— COLLECTED MATERIAL —
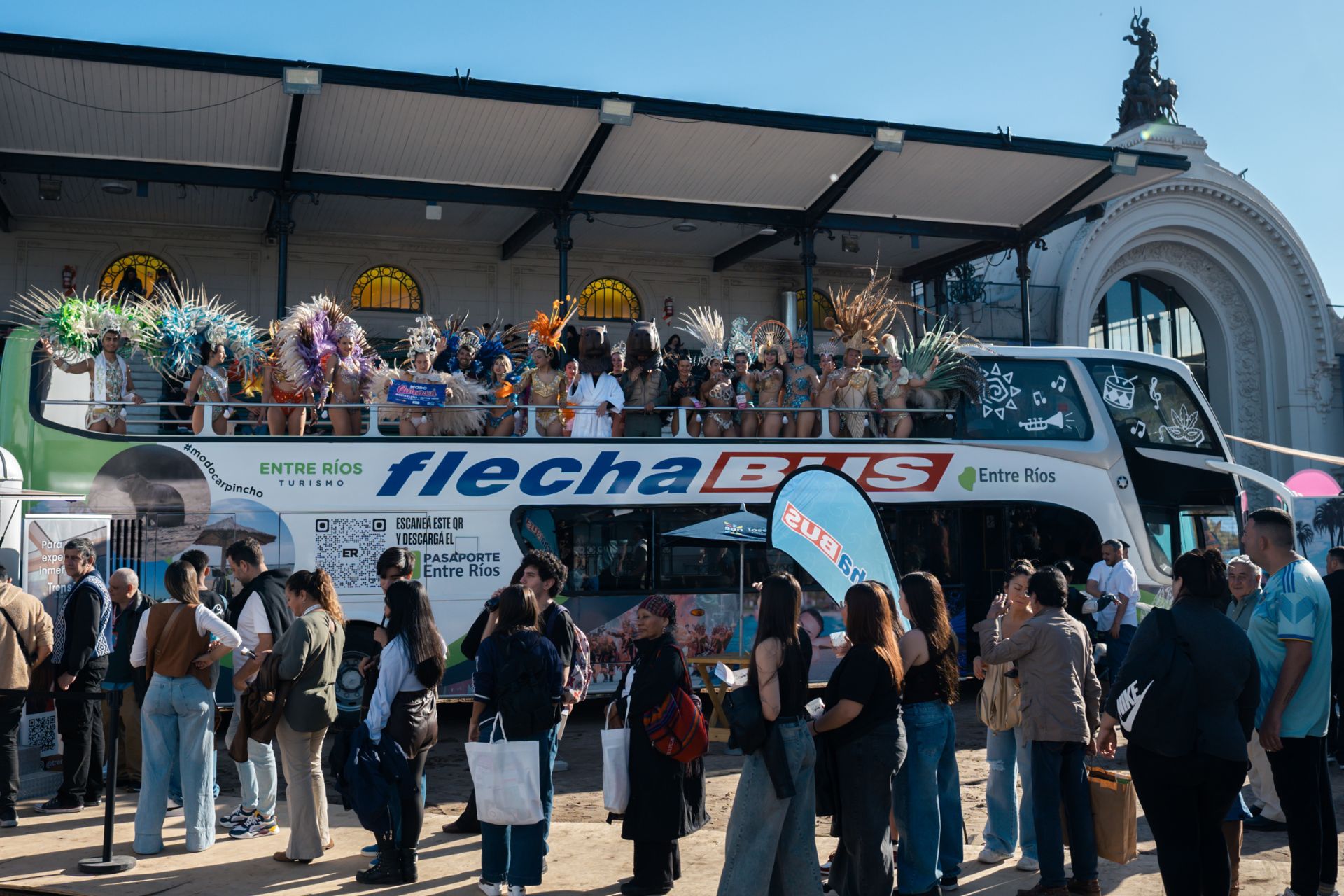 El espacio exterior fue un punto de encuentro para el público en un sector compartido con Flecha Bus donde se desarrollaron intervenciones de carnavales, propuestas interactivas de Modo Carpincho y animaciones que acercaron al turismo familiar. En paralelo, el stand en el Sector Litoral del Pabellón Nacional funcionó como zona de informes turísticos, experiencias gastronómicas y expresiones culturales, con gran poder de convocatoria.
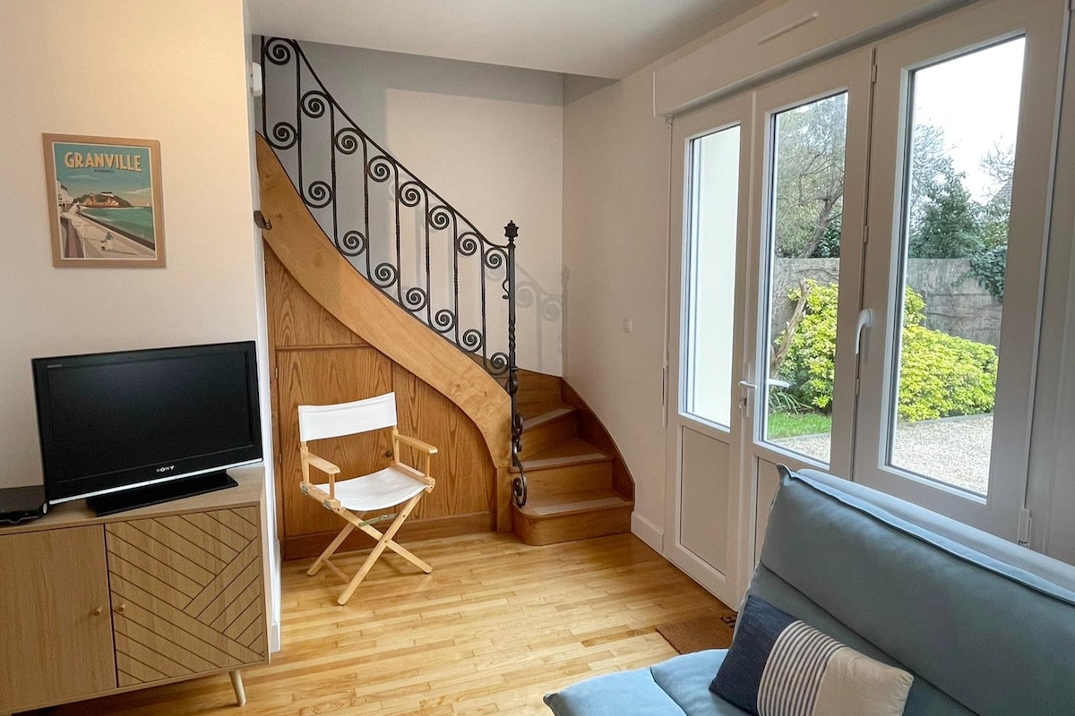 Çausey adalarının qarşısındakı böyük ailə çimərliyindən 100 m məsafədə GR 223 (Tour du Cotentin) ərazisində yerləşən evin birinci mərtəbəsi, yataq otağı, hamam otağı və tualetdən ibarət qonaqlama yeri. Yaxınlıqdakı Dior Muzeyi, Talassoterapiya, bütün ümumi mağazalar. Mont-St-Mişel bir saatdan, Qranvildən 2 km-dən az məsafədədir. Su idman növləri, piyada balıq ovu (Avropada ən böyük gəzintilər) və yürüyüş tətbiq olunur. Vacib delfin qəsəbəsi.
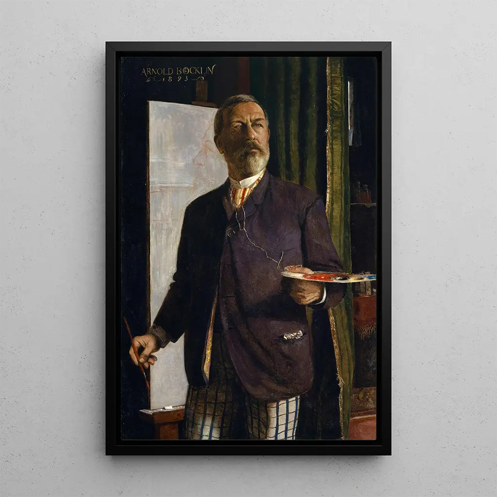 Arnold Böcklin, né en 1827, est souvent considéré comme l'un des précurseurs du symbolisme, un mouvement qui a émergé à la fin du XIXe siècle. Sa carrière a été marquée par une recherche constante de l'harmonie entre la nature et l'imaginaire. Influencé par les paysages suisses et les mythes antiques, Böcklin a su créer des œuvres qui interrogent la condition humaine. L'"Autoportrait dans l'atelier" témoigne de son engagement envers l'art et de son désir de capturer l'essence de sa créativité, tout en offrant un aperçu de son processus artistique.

— EXERCISE OBJECTIVE —
The data above, line by line: transcribe it exactly and drop the pictures.

— EXERCISE SOLUTION —
 El espacio exterior fue un punto de encuentro para el público en un sector compartido con Flecha Bus donde se desarrollaron intervenciones de carnavales, propuestas interactivas de Modo Carpincho y animaciones que acercaron al turismo familiar. En paralelo, el stand en el Sector Litoral del Pabellón Nacional funcionó como zona de informes turísticos, experiencias gastronómicas y expresiones culturales, con gran poder de convocatoria.
 Çausey adalarının qarşısındakı böyük ailə çimərliyindən 100 m məsafədə GR 223 (Tour du Cotentin) ərazisində yerləşən evin birinci mərtəbəsi, yataq otağı, hamam otağı və tualetdən ibarət qonaqlama yeri. Yaxınlıqdakı Dior Muzeyi, Talassoterapiya, bütün ümumi mağazalar. Mont-St-Mişel bir saatdan, Qranvildən 2 km-dən az məsafədədir. Su idman növləri, piyada balıq ovu (Avropada ən böyük gəzintilər) və yürüyüş tətbiq olunur. Vacib delfin qəsəbəsi.
 Arnold Böcklin, né en 1827, est souvent considéré comme l'un des précurseurs du symbolisme, un mouvement qui a émergé à la fin du XIXe siècle. Sa carrière a été marquée par une recherche constante de l'harmonie entre la nature et l'imaginaire. Influencé par les paysages suisses et les mythes antiques, Böcklin a su créer des œuvres qui interrogent la condition humaine. L'"Autoportrait dans l'atelier" témoigne de son engagement envers l'art et de son désir de capturer l'essence de sa créativité, tout en offrant un aperçu de son processus artistique.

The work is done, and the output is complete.